As another example: while both IANA and WHATWG define Shift_JIS, the intended meaning is quite a bit different.
Also, IANA tends to be very light on requirements of the actual encoding implementation, while WHATWG requires exact handling for any given input, including input that can be considered erroneous. Do the Foundation encoding implementations meet these requirements? If not, using WHATWG names or labels to identify them would be rather misleading.
I hope this helps you refine the proposal further.
I'm surprised and glad that the author of Encoding Standard took a look at this pitch. Thank you so much.
I think, in general, this kind of APIs are unavoidable to come to a compromise.
I mean any standards would be converted to "Foundation's standard" to some extent through such APIs.
In fact, even current CFStringConvertIANACharSetNameToEncoding(_:) returns CFStringEncoding instance that is the closest mapping, the document says.
Do you mean String.Encoding(whatwg: "ascii") should return nil?
Or should we explicitly describe exactly that it's a label such as String.Encoding(whatwgLabel: "ascii")?
(In case of WebKit, for example, PAL::TextEncoding's constructor takes a string-like object and is constructed as "windows-1252" when "ascii" is passed[1], IIUC.)
At least, in this pitch, we focus on currently available encodings.

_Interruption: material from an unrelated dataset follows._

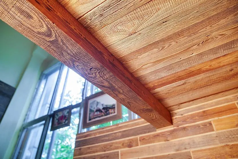 Цвет деталей стоит выбирать исходя из общей задумки, если нужно акцентировать внимание на балках, то они должны быть яркими или контрастировать с цветом потолка и других поверхностей. Если такой задачи нет, то можно использовать перекладины, которые будут совпадать с оттенком потолка

Although it'll be hard for Foundation to reflect every change, we can catch up the standard as to limited encodings at the timing of minor/major releases.

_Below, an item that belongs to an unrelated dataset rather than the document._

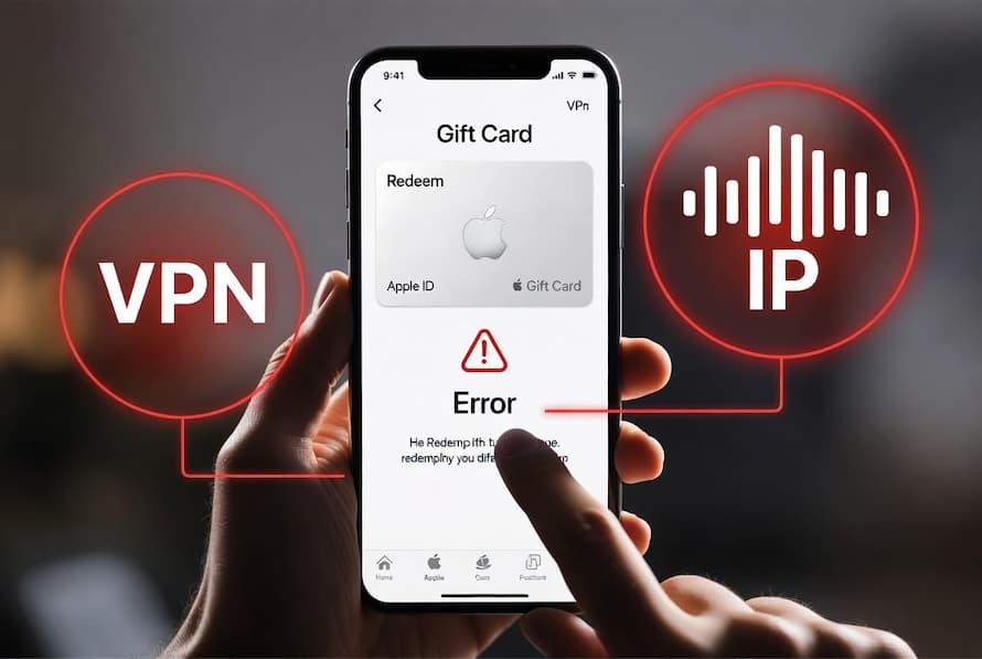 از دیگر اشتباهات رایج، ریدیم کردن گیفت کارت با استفاده از VPN فعال است. بهطور کلی، سیستم امنیتی اپل نسبت به تغییرات ناگهانی آیپی حساسیت بالایی دارد؛ بهطوریکه فعالسازی گیفت کارت با VPN میتواند باعث عدم تطابق آیپی، ریجن اپل آیدی و موقعیت مکانی شود و این رفتار بهعنوان فعالیت مشکوک شناسایی گردد. در حقیقت، در حالت عادی برای فعالسازی این کارت نیاز به استفاده از وی پی ان نیست. اما در صورتی که در کاربر در کشوری قرار دارد که App Store به طور کامل در دسترس نیست، باید آی پی VPN به دقت تنظیم شود و پس از آن ریدم کارت انجام شود.

...That may be my wishful thinking?
I agree that Shift_JIS is required to be treated specifically.
As mentioned in the pitch, String.Encoding.shiftJIS is historically derived from kCFStringEncodingDOSJapanese in CF (not from kCFStringEncodingShiftJIS), which means that it's better that .shiftJIS should be treated as "Windows-31J" rather than simple "Shift_JIS".
However, as you know, Windows-31J can be deemed as a variant of Shift_JIS in practice.

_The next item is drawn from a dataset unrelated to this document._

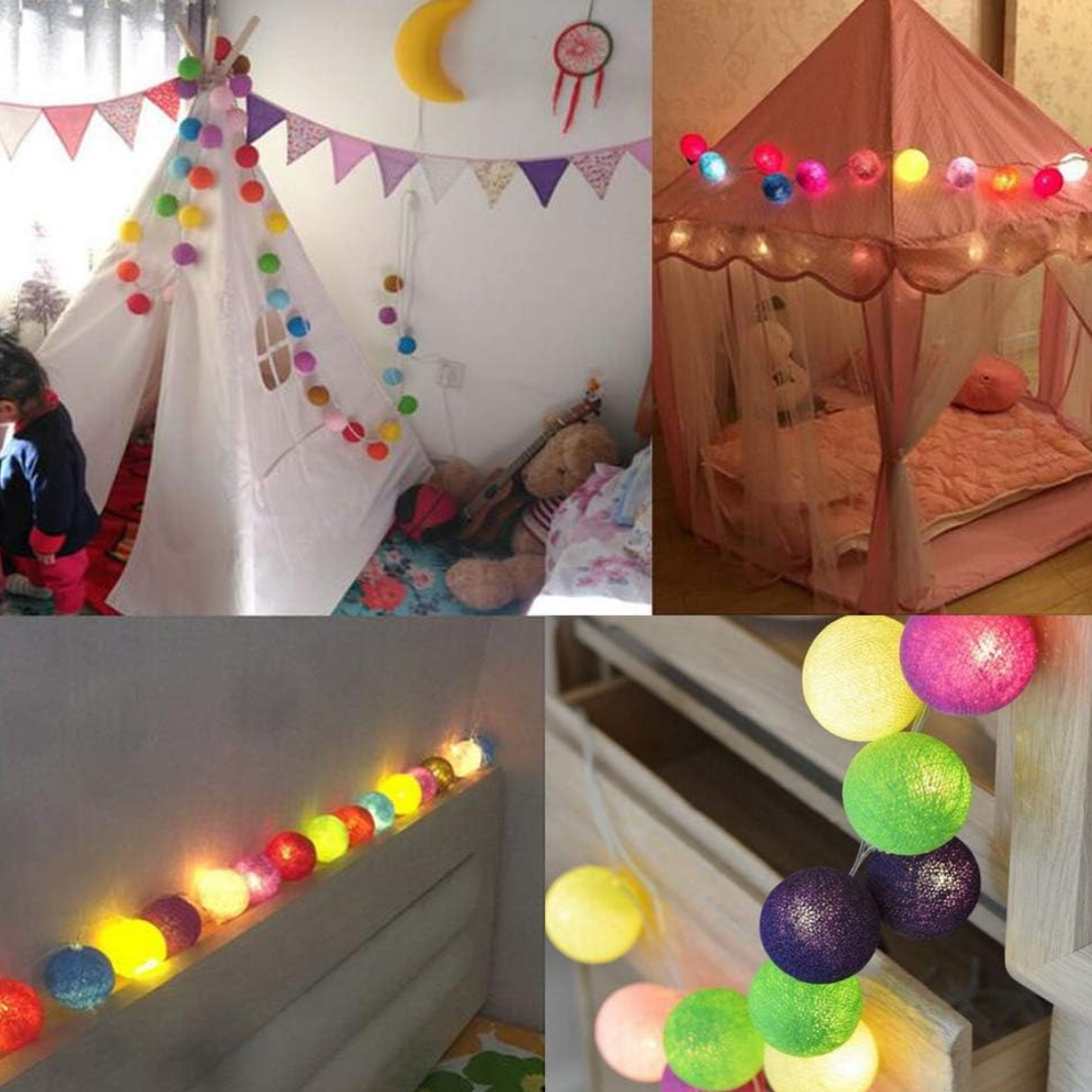 - Chaque boule est 100 % artisanale, 20 boules de coton sur la guirlande lumineuse.

It's a tough question because String.init(data:encoding:) is now unfortunately broken. We may be able to consider the implementation when we fix it.
Big picture?
If we want strict correspondence between names and encoding/decoding implementations, we could get inspired by @Karl's suggestion:
However, for example, ISO-2022-JP would never fit to conform to Unicode.Encoding (right?).
Hence legacy encodings would need other protocols just like:
public protocol StringEncodingProtocol {
var name: String? { get }
static func encoding(from name: String) -> Self?
func encode<S>(_ string: S) throws -> Data? where S: StringProtocol
func decode<D>(_ data: D) throws -> String? where D: DataProtocol
}
public struct IANACharset: StringEncodingProtocol {
...
}
public struct WHATWGEncoding: StringEncodingProtocol {
...
}